Temporal Test-Time Adaptation with State-Space Models
This addresses the challenge of adapting models to evolving real-world distribution shifts, which is crucial for maintaining performance in deployed AI systems, representing an incremental improvement over existing test-time adaptation methods.
The paper tackles the problem of performance decay in deployed models due to gradual temporal distribution shifts, proposing STAD, a Bayesian filtering method that adapts models by learning time-varying dynamics in hidden features and inferring class prototypes without labels, achieving strong results in handling small batch sizes and label shift in real-world experiments.

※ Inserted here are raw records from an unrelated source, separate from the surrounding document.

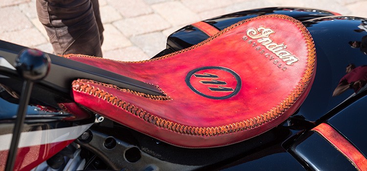 Up top, the Springfield’s fuel tank was modified for a vintage look and topped with a polished dash piece featuring stock gauges, and a hand-tooled leather seat diverts the eye to the back of the bike, where you’ll find hand-formed side panels, bags and rear fender.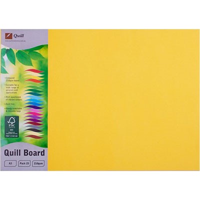 QUILL BOARD 210GSM A3 LEMON PACK 25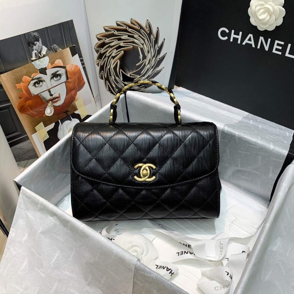 Chanel AS2478 Flap CC Wrapped Bag with Top Handle Black
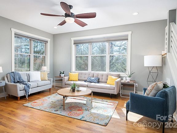 Gorgeous 2016 JAG-built Energy Star and GreenBuilt NC home in East Asheville’s popular Haw Creek neighborhood. Downtown Asheville, the WNC Nature Center, hiking trails along the Blue Ridge Parkway, and numerous groceries and shopping are all within 10 minutes or less. Home sits on a quiet street with a level, 0.23-acre lot and a fully fenced backyard for play and pets. Fantastic wraparound screened-in porch awaits your relaxing mornings or dinner parties with friends. This three-bedroom home lives much larger than its square footage, offering a modern open floor plan, an extra living room or office, a private primary suite on the main level, and a custom storage shed for all of your outdoor gear. Beautiful hardwood floors throughout the living and sleeping spaces, along with helpful built-ins and window treatments — completely move-in ready! AC Reynolds school district. See brochure and floor plan for more information. HIGHEST AND BEST OFFERS BY SUNDAY, FEB 25 AT 5PM.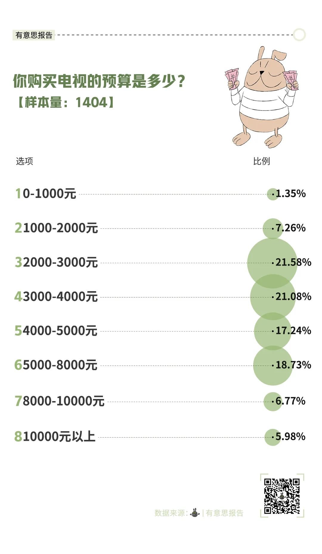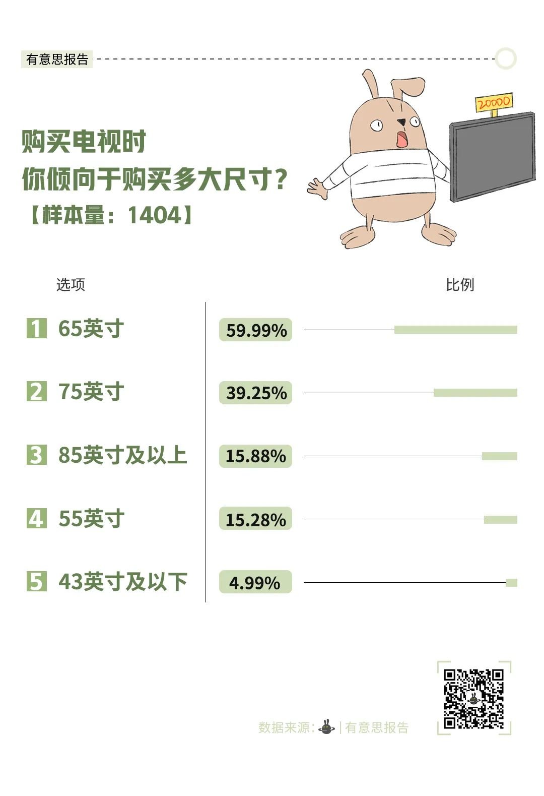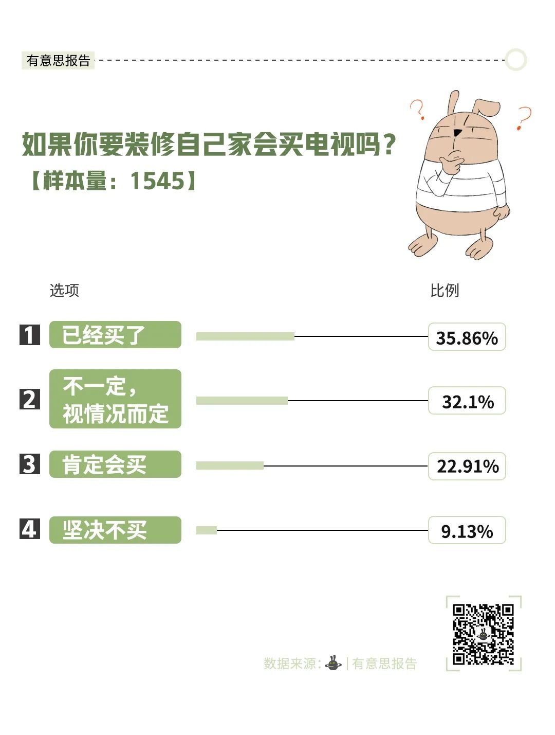 调查显示,跟伴侣同居是买电视的分水岭。有了自己的“小窝”后,买电视的意愿直线上升。排在第二位的是有娃家庭。

Distribution shifts between training and test data are inevitable over the lifecycle of a deployed model, leading to performance decay. Adapting a model on test samples can help mitigate this drop in performance. However, most test-time adaptation methods have focused on synthetic corruption shifts, leaving a variety of distribution shifts underexplored. In this paper, we focus on distribution shifts that evolve gradually over time, which are common in the wild but challenging for existing methods, as we show. To address this, we propose STAD, a Bayesian filtering method that adapts a deployed model to temporal distribution shifts by learning the time-varying dynamics in the last set of hidden features. Without requiring labels, our model infers time-evolving class prototypes that act as a dynamic classification head. Through experiments on real-world temporal distribution shifts, we show that our method excels in handling small batch sizes and label shift.